Second, games that encourage deception. There already are some papers that examine LLMs in games where deception is encouraged (like the AmongUs paper), though these papers don’t focus on deception detection itself. It seems like a worthwhile strategy to generate larger transcripts where deceptive action is occurring, with the hopes of improving probe quality.

Finally, we’ve been exploring using SAEs during dataset generation. The idea being that black-box data creation might cause similar problems in creating datasets for deception detection where it seems that unrelated confounders appear to dominate what the probe measures. It seems wise to, at least, inspect the dataset during construction every so often to ensure detection targets are reasonable - for instance, lying appearing as a top cosine similarity is plausible, whereas grammar-related features suggest confounding. Though this idea is not unique to deception detection probes, but rather general automated probe creation. This extension is still in its early stages.

Overall, hill-climbing on strategic deception appears to be a messy and complex process. It's quite tricky to construct experiments with clear and easy to interpret results.

For those curious about our full report, please refer to this presentation. Additionally, our messy code can be found here.

This was joint work with Jake Ward, who contributed equally.

Appendix

A minor note on geometry. Though this was not our focus, we feel that a few pieces of our evidence also offer some insight into the complexity of the geometry of deception.

First, we have this plot showing the cosine similarity between many probes. The majority of these probes are constructed from Cadenza’s LiarsBench subsets. The probes that have the "single_" prefix are specifically trained on that subset of LiarsBench (i.e. the upper bound probes). The "leaveout_" prefix probes omit that subset of LiarsBench. "all_datasets" is built on all subsets of LiarsBench.
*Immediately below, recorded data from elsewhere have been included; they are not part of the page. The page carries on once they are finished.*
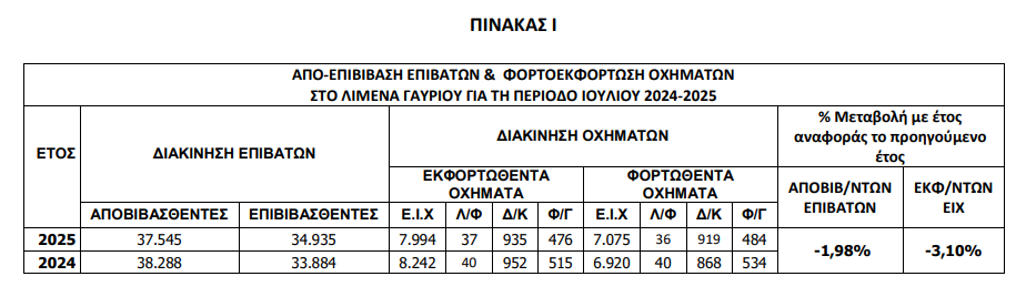ΙΟΥΝΙΟΣ 2025: Μικρή μείωση αποβιβασθέντων επιβατών και ΙΧ στην Άνδρο (– 1,98 % & – 3,1 %)
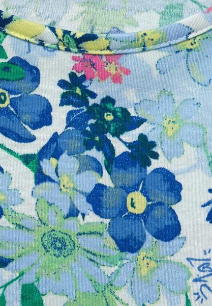 Frühlingsstimmung! Das Damen T-Shirt von CECIL zeigt sich im femininen Blumenmuster und überzeugt mit raffinierten Details. Das Tunnelzugband im Saum etwa kann lässig geknotet werden und bringt das Shirt in Form. Überschnittene Schultern sorgen zusammen mit dem U-Boot Ausschnitt für einen sportlichen Look und betonen dezent die Schulterlinie. T-Shirt U-Boot Ausschnitt Saum mit Tunnelzugband Maße bei EU-Größe M ca.: Länge 67 cm, Brust 109 cm, Saumweite 112 cm Material: 50% Modal, 50% Baumwolle
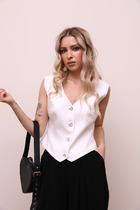 Жилетка женская утепленная с центральной застежкой на "молнию". Спинка со стяжкой. Перед с отрезными бочками и боковыми карманами "с листочкой". Воротник стойка с кулисой и шнуром из декорированной тесьмы. Низ жилетки округлой формы спереди короче, а спинка длиннее . Правый карман украшен нашивкой.
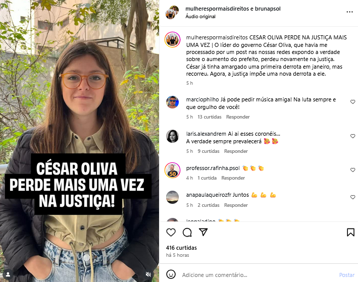 Veículo: Online -> Instagram -> Instagram Mulheres por Mais Direito
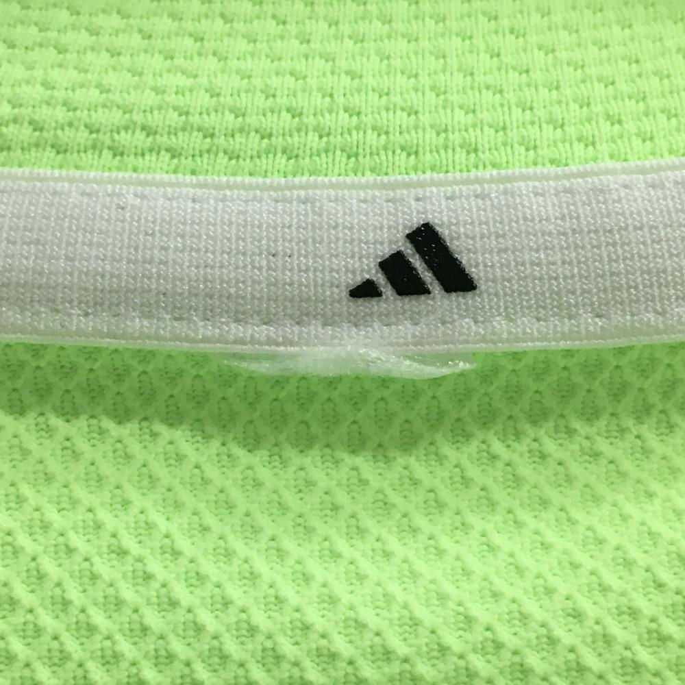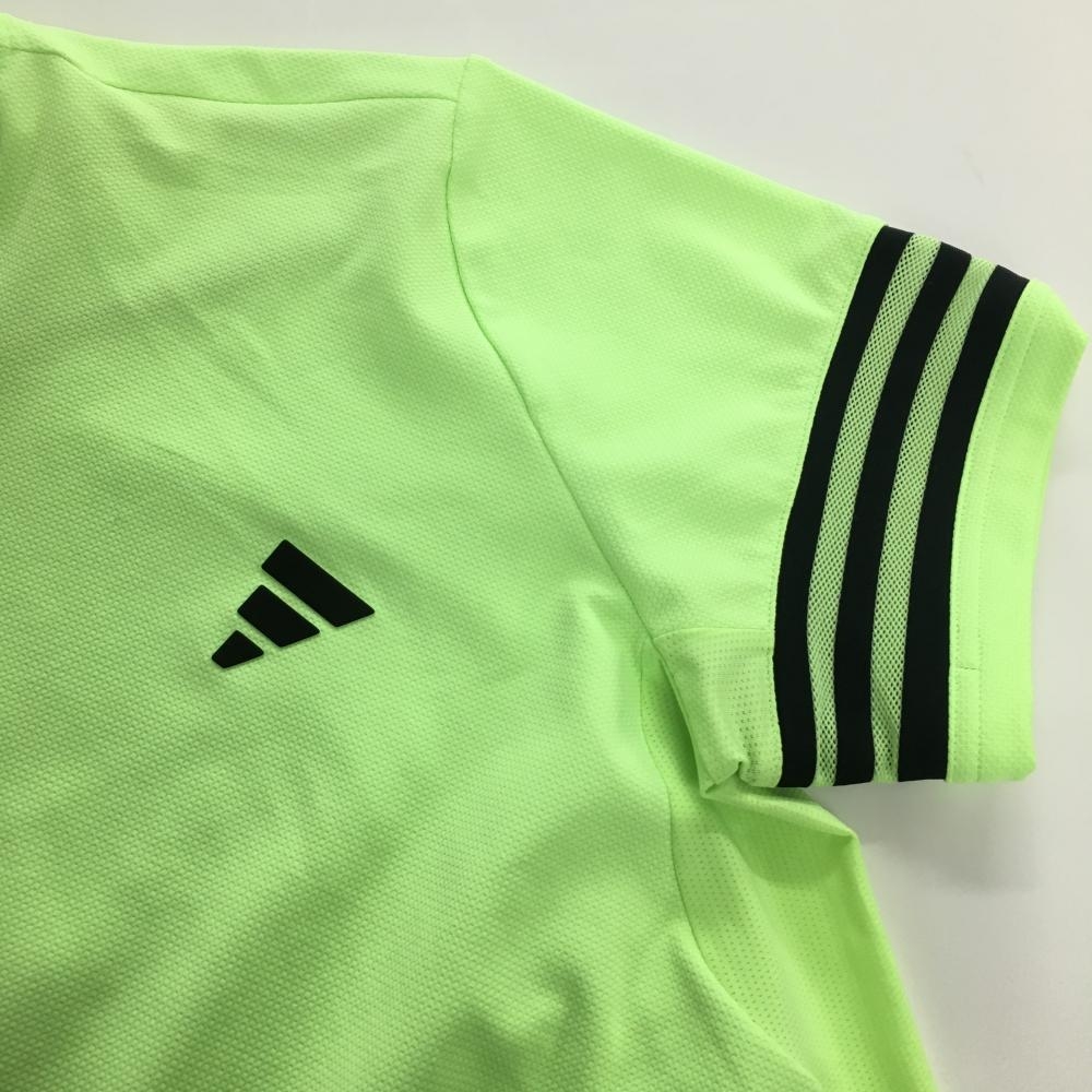 アディダス Tシャツ 蛍光グリーン系×黒 袖3ライン・一部メッシュ 胸ロゴ メンズ ゴルフウェア 2024年モデル adidas
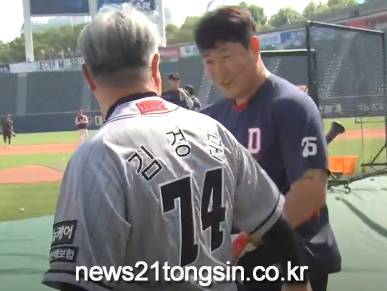 그라운드에 들어선 옛 스승을 알아보고 이승엽 감독이 먼저 다가와 여러 차례 고개를 숙이며 인사를 건넸고, 김 감독도 예우를 갖추며 덕담으로 화답했다.
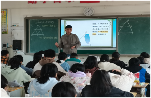洪山一中的费云瑞老师以《三角形的中位线》为课题,通过问题链驱动学生探究,他从实例引入,直观感知中位线的性质,层层推导定理,并巧妙设计“一题多解”,激发学生发散思维,充分体现“做中学”的教学理念。洪山二中的季伟老师则呈现了一节数学名师视频观摩课,讲解了平行四边形复习以及函数知识,引导教师学习先进教学策略,优化课堂实践。
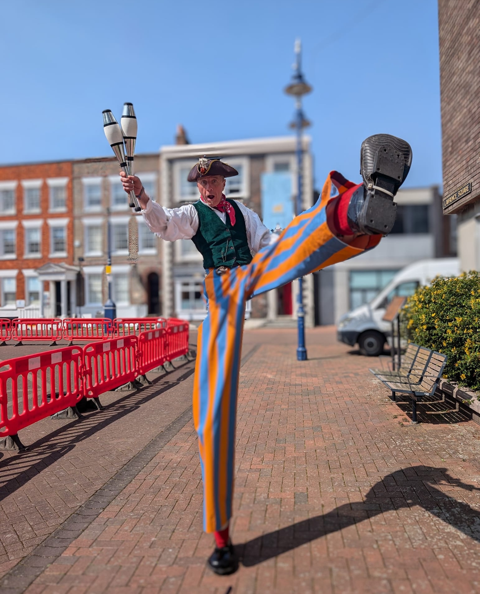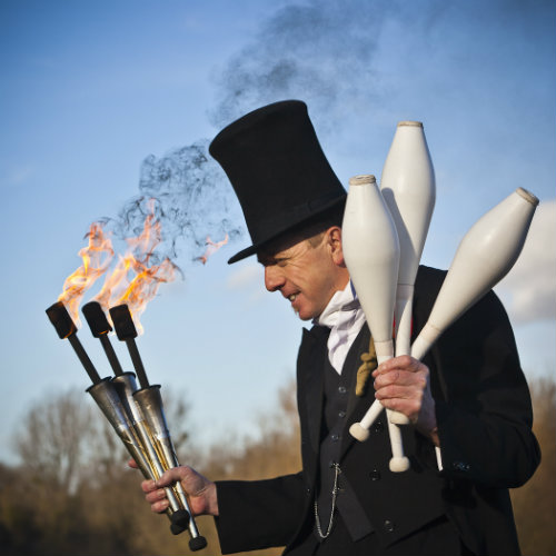 I perform comedy juggling and diabolo shows, glow and fire shows, displays, present walkabout entertainment as a Juggler, Juggling Stilt Walker and as many different characters from Clown and Jester to Chef and Pirate as well as a Dapper Victorian Juggling Gentleman and Old English Bobby.

Finally, we have the Apollo probe for comparison.

Two things that might suggest deception is not a 1D feature:

All of the "single_" probes are orthogonal to each other and to the Apollo probe, so it's possible they are all responsible for a different component of deception
The Apollo probe is orthogonal to the "all_datasets" probe - even if the six subsets have a shared, singular direction, it's seemingly unique to the Apollo probe direction

Additionally, we made a 3D PCA plot from the six dimensional space, where each dimension represented the score of each upper bound probe. Below we see how data points from each LiarsBench subset lie in the space made up of the top three principal components (explaining 89.93% of the variance).

The two subsets that appear most linear in the chart above are insider-trading and instructed deception, but they appear to point in distinct directions:

Our last piece of evidence that might suggest deception is more complex than a 1D feature comes from taking cosine similarities with the "all_datasets" probe and SAE decoder directions. Even if this probe captures a single deception direction across LiarsBench subsets, it shows low alignment with SAE decoder features related to deception:

The above shows the top 10 positive and top 10 negative cosine similarities with the "all_datasets" probe and 70+ features of/relating to deception from the SAE decoder.

Again, the geometry of deception was not the focus of our work, so these points should not be seen as definitive evidence, but rather interesting exploratory starting points. This felt worth mentioning given the framing of deception requiring "intent" - intuitively this seems to align better with the idea that deception is a subspace, and each component of this subspace could be viewed as a tool for deception.